** Task description **
Every line of the listing below from the one with "The first systematic" up to and including the one with "We could continue" should be retyped exactly, and nothing else; pictures are not part of the copy.

##### Recorded information #####

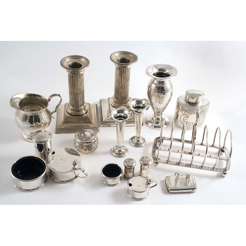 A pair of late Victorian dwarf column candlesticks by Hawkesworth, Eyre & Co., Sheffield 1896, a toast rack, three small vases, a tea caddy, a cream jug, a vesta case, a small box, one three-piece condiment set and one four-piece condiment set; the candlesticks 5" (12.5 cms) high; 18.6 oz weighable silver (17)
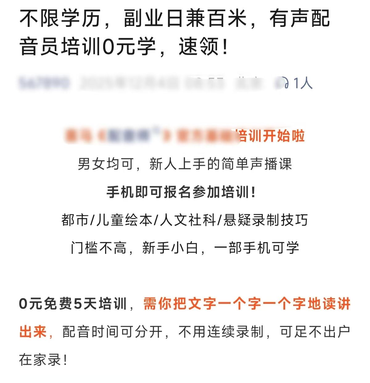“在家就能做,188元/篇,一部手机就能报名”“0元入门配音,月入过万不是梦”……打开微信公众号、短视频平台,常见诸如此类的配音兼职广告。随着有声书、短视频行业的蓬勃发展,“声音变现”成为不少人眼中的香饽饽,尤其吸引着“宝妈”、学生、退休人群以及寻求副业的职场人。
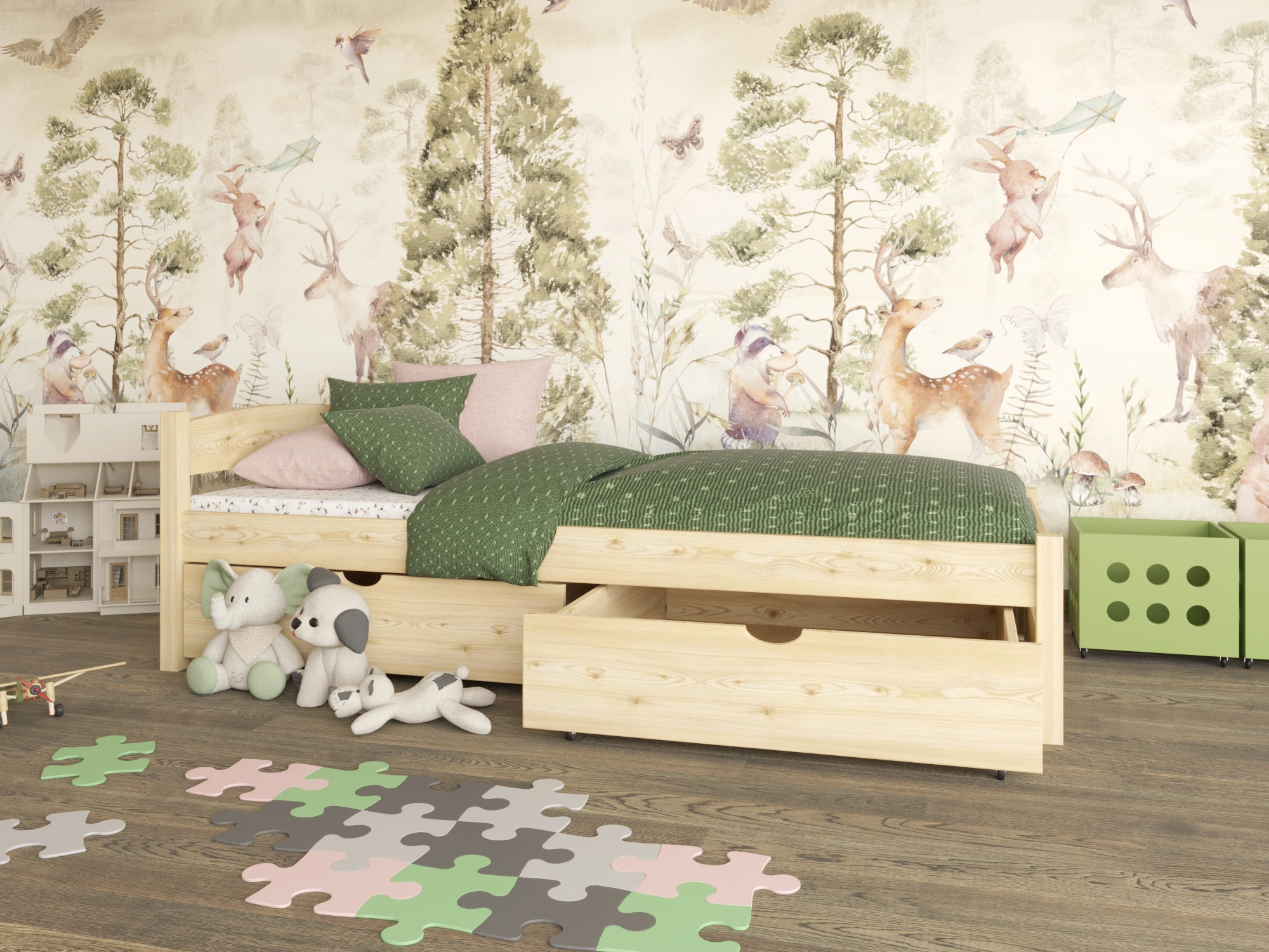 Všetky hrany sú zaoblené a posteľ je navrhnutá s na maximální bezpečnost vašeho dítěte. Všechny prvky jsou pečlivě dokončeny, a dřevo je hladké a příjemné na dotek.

#####
##### Recorded information #####

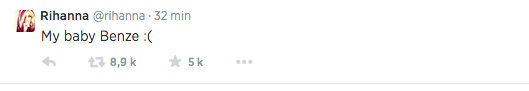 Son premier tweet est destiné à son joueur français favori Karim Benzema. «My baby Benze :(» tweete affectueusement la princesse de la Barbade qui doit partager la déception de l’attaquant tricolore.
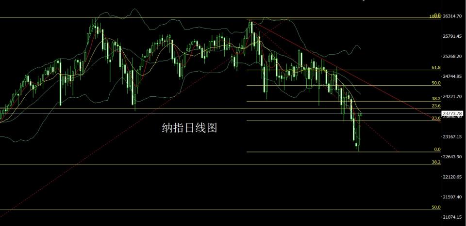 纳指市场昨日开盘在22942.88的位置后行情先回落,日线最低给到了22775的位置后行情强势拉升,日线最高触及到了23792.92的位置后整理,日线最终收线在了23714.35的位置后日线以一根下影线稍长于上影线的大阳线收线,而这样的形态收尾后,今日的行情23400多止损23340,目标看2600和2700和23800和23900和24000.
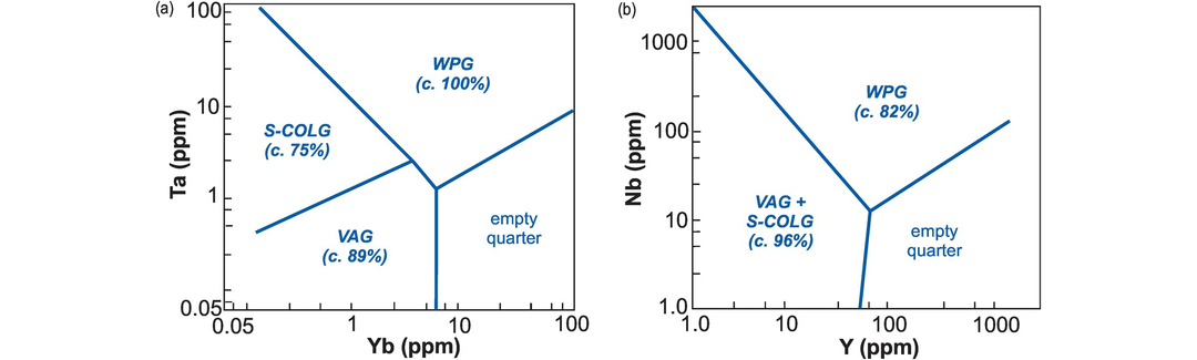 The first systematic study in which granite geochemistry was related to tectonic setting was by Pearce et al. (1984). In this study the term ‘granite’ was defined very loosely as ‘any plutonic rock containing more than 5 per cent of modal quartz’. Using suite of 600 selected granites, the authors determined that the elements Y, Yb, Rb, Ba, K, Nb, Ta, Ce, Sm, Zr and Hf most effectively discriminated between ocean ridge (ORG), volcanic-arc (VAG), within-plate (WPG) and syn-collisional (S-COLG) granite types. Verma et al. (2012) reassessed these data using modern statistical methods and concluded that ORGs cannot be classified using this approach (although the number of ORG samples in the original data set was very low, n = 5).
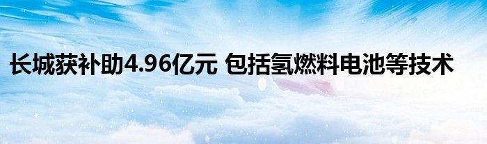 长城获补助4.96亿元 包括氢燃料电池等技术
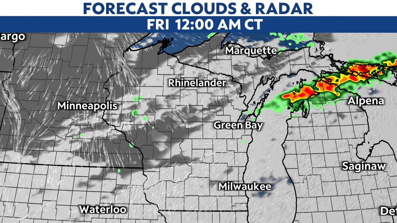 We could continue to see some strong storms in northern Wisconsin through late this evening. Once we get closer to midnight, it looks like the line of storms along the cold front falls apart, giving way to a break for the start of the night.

#####

** The completed task **
 The first systematic study in which granite geochemistry was related to tectonic setting was by Pearce et al. (1984). In this study the term ‘granite’ was defined very loosely as ‘any plutonic rock containing more than 5 per cent of modal quartz’. Using suite of 600 selected granites, the authors determined that the elements Y, Yb, Rb, Ba, K, Nb, Ta, Ce, Sm, Zr and Hf most effectively discriminated between ocean ridge (ORG), volcanic-arc (VAG), within-plate (WPG) and syn-collisional (S-COLG) granite types. Verma et al. (2012) reassessed these data using modern statistical methods and concluded that ORGs cannot be classified using this approach (although the number of ORG samples in the original data set was very low, n = 5).
 长城获补助4.96亿元 包括氢燃料电池等技术
 We could continue to see some strong storms in northern Wisconsin through late this evening. Once we get closer to midnight, it looks like the line of storms along the cold front falls apart, giving way to a break for the start of the night.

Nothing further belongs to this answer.